Neighbors will take their sneakers to the sidewalk this weekend in the North Shore CROP Hunger Walk to raise funds and awareness for local and international hunger crises.
CROP Hunger Walks are sponsored each year by Church World Services and congregations in more than 2,000 communities across the United States. Church World Services began the Christian Rural Overseas Program (CROP) in 1947 so Midwest farmers could share their grain with hungry people in Europe and Asia. The organization has evolved past its acronym but still carries it in the name for historic reasons, according to the CWS website.
The North Shore has hosted Hunger Walks since the ’90s, and this year’s walk will begin and end at St. John’s Lutheran Church in Wilmette. It starts at 2 p.m. Sunday.
Though it may seem challenging to spot the connection between a 5-kilometer walk and international hunger relief, it’s there, said Helen Yarbrough, this year’s organizer of the North Shore CROP Hunger Walk.
“One of the slogans of the walk is that ‘we walk because they walk.’ It’s basically set up because so many people in other countries have to walk to get food or water or medical supplies,” she said.
Last year, between 30 and 40 North Shore CROP Hunger Walk teams raised more than $35,800, Yarbrough said.
Most of the money raised during the walk goes to charities supported by Church World Services. According to North Shore CROP Hunger Walk organizers, this money gets directed toward areas of crisis.
“The places change as the need changes,” said Ann Wagner, a longtime volunteer and member of the North Shore steering committee.
“There are so very, very many people that need some help in having shelter and food, and that’s what this does; it helps provide some shelter and some food,” said Wagner.
Twenty-five percent of the event’s proceeds benefit organizations in the communities that host the walk.
“The work we do locally benefits local people,” said Yarbrough.
Evanston agencies
Money raised from the Hunger Walk will help three Evanston agencies: The Interfaith Action Hospitality Center; Soup at Six at Hemenway United Methodist Church; and Hilda’s Place, part of Connections for the Homeless through the Lake Street Church.
Two Chicago agencies also will benefit from the walk proceeds, The ARK in the West Rogers Park neighborhood and A Just Harvest in East Rogers Park.

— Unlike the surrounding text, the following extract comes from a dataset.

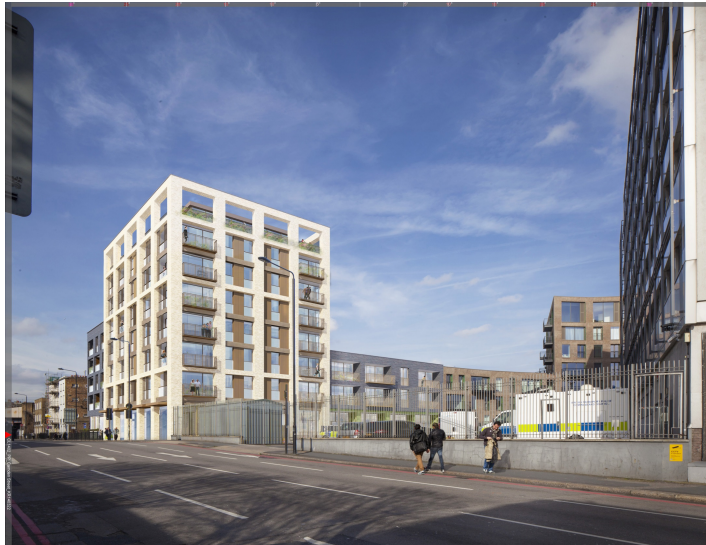
Fig 1 - 140-146 Camden Street

There is a target within the borough to achieve BREEAM Excellent, with 60% of the credits within the Energy and Water sections and 40% within the Materials section.

As of Monday, 34 congregations, schools, Scout troops and family groups are signed up to participate, as well as participants from the five agencies that will receive the local proceeds, Yarbrough said.
“I think a lot of other walks, like the cancer walk and the AIDS walk, have such intimate connections to people because they know people who are suffering,” Yarbrough said. “For a hunger walk, it’s a little bit farther removed in terms of trying to battle the whole problem of hunger.

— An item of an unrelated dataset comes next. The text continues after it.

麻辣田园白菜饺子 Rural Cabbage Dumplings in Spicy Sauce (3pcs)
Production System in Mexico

“But when we relate it to, ‘you’ll be able to help out these five groups right here in your own community’ ... That adds a little more meaning and depth to it.”

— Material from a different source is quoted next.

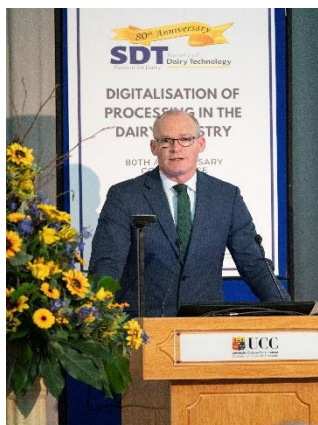
Simon Coveney Ireland's Minister of E, T & E speaking at the 80 th Anniversary Conference

Yet it’s not always just about giving back to the community. For at least one participant, the North Shore CROP Hunger Walk has a personal connection.
Walking for a friend
Jim Hutten learned in 2005 that he could honor his former New Trier Township High School colleague, Wagner’s husband, George, by participating in the walk.
George Wagner was a valued member of the steering committee, so when he died in 2005, it was the first and only year the North Shore CROP Hunger Walk was dedicated in someone’s memory.
“I was touched by this, and I thought that being a longtime friend, I was going to walk,” Hutten said. He has participated every year since and symbolically continues to join the Hunger Walk in honor of his friend.
Those who wish to get involved in the Hunger Walk still have time.
“They just show up (Sunday), bring whatever funds they have been able to raise and check in at the check-in table,” Yarbrough said.
For participants, the walk is a way to give back to the community, alleviate international hunger crises or fulfill a personal calling.
“We are called to care for our fellow human beings,” Yarbrough said.